The experiment on the next slide shows the single-channel currents recorded from 7 individual Na+ channels in response to a depolarizing voltage step. Notice how random the behavior is - the different channels open at different times, stay open for different times, and may flicker closed a time or two before each finally inactivates. The summed current from the channels is shown in the bottom trace. The Na+current that flows across a patch of membrane during an action potential is the sum of its many single-channel currents.

Na+ channel behavior is revealed by patch clamping

Recording from voltage-sensitive channels using a patch-clamp: A. the membrane surface is pulled

gently to allow the glass pipette to form a tight seal with the

membrane. This isolates the patch of membrane and allows the activity of one or a few channels

to be detected. B. The opening of individual

channels in response to depolarization is not synchronous

and does not last a standard amount of time, but the cell’s total

response is the sum of the individual responses (shown in 3).

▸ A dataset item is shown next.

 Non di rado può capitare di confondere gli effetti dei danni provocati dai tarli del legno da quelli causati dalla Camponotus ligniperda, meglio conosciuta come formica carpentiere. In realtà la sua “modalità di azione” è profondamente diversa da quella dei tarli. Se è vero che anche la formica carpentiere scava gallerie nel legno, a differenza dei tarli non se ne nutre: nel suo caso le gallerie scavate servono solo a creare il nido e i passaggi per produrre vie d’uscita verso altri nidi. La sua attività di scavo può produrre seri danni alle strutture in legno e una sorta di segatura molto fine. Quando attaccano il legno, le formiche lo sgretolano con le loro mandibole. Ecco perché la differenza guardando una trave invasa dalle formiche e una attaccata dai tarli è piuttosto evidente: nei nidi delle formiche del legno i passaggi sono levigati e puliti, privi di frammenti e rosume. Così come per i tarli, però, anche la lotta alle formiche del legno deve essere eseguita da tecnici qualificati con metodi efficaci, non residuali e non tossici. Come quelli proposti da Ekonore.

In this slide inward currents are shown as downward deflections

K+ channels differ from Na+ channels in that they

• Open more slowly in response to depolarization

• Close (slowly) in response to repolarization

• Do not show time-dependent inactivation.

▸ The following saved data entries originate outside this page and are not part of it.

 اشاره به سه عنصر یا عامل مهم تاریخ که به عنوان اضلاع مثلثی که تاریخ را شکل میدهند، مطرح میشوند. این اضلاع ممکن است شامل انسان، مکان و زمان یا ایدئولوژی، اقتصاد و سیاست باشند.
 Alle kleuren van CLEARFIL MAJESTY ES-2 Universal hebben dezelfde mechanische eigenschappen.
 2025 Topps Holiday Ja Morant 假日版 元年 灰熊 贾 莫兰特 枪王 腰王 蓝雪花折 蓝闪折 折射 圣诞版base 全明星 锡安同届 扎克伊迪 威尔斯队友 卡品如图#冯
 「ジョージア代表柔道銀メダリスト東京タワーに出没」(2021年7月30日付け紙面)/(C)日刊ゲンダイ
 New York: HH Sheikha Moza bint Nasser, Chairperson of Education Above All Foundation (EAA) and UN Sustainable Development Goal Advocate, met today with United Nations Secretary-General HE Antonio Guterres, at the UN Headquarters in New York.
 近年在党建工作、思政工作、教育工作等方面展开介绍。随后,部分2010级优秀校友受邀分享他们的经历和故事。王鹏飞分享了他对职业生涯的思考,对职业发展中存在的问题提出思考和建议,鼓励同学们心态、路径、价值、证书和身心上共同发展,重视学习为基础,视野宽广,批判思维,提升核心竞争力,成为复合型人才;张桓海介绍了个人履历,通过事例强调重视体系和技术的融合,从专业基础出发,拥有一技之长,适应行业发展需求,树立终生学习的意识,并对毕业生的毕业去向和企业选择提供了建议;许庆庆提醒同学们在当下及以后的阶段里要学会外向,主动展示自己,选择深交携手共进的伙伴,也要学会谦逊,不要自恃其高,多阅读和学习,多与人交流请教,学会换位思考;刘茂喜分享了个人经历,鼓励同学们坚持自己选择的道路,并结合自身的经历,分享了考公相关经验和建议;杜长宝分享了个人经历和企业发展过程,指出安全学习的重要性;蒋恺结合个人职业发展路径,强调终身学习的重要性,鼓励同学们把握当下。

Note that the trace of the summed current rises more slowly than for the Na+ channel, and that the channels continue to be active as long as the depolarization is maintained

Threshold can now be redefined

• as the stimulus intensity/duration that has a 50% probability of opening enough Na+ channels to cause the inward Na+ current to exceed the outward K+ current.

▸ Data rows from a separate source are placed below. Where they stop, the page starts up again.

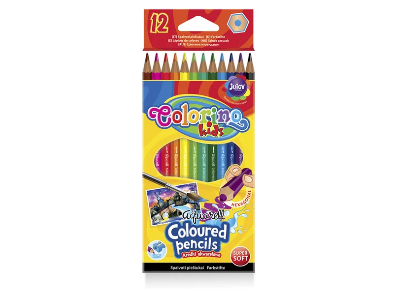 Colorino Színes aquarell ceruza 12 db + 1 ecset. Az aquarell ceruzákban puha grafitbél található, mely szilárd, nem törik könnyen. Száraz és nedves papíron is egyaránt használható. Színezés után csak egy vizes ecsettel át kell menni a rajzon és kész a festmény. A ceruzák színei nagyon szépek, öröm velük rajzolni. A ceruzák hossza 17,5 cm. 3 éves kortól ajánlott
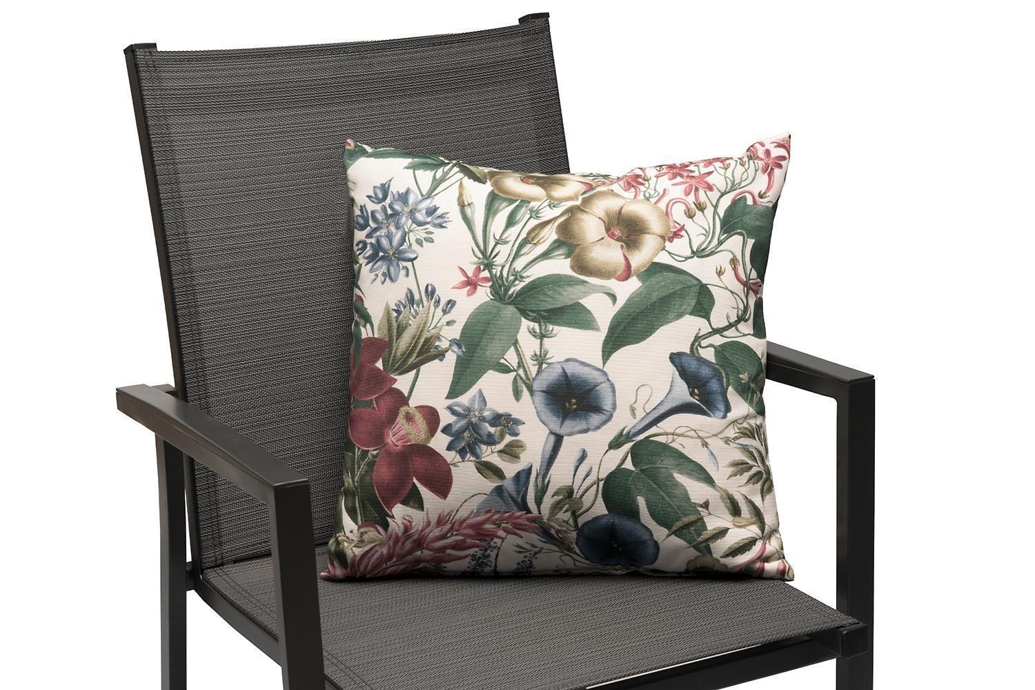 Das Zierkissen XONA der Marke GO-DE ist ein mehrfarbiges Kissen mit Blumenmuster. Es hat eine Größe von 48 x 48 cm und besteht aus einer Mischung aus Baumwolle und Polyester. Das Kissen ist für den Innen- und Außenbereich geeignet. Hergestellt in Deutschland.
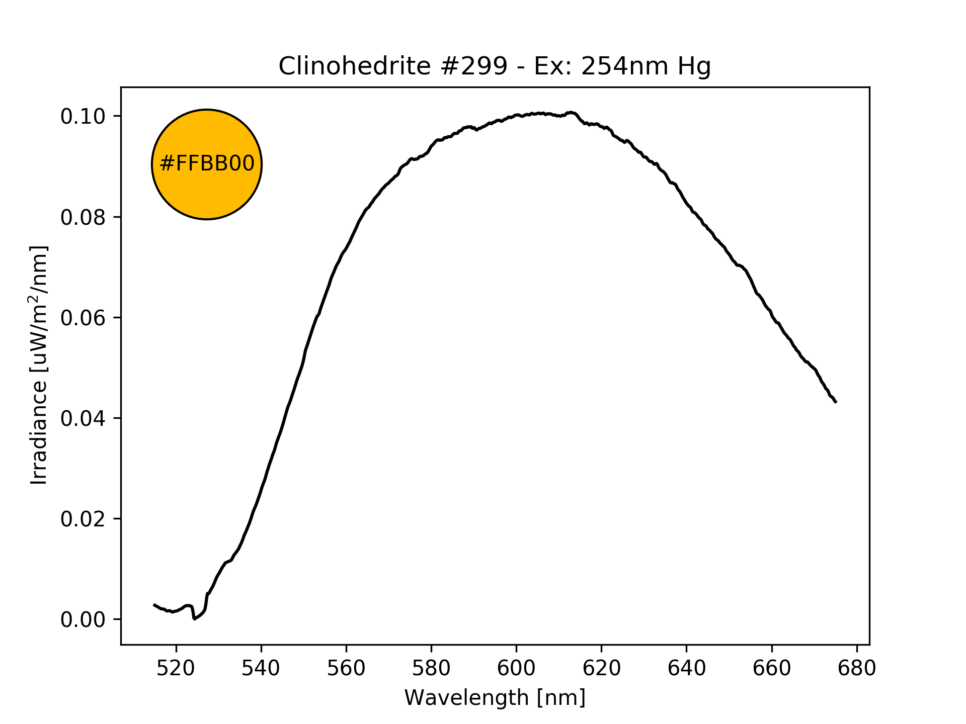 | Clinohedrite (#299) | Franklin Mine, New Jersey, USA | 254nm Hg | Mn2+ | |

• When the inward Na+ current exceeds the outward K+ current, the system enters the positive feedback cycle that leads to an AP

Three factors make threshold hard to reach

• Depolarization increases the driving force for K+ and decreases it for Na+

• Depolarization opens K+ channels as well as Na+ channels.

• Open Na+ channels do not stay open - they inactivate.

The refractory period is determined by two separate factors: Na+ channel recovery from inactivation and K+ channel closing.

• Early in the refractory period, most Na+ channels are still in the inactivated state, and so not available.

• In the middle of the refractory period, some Na+ channels have become available, but the number of open K+ channels is still greater than at rest.

• The refractory period wanes as the last voltage-sensitive K+ channels close.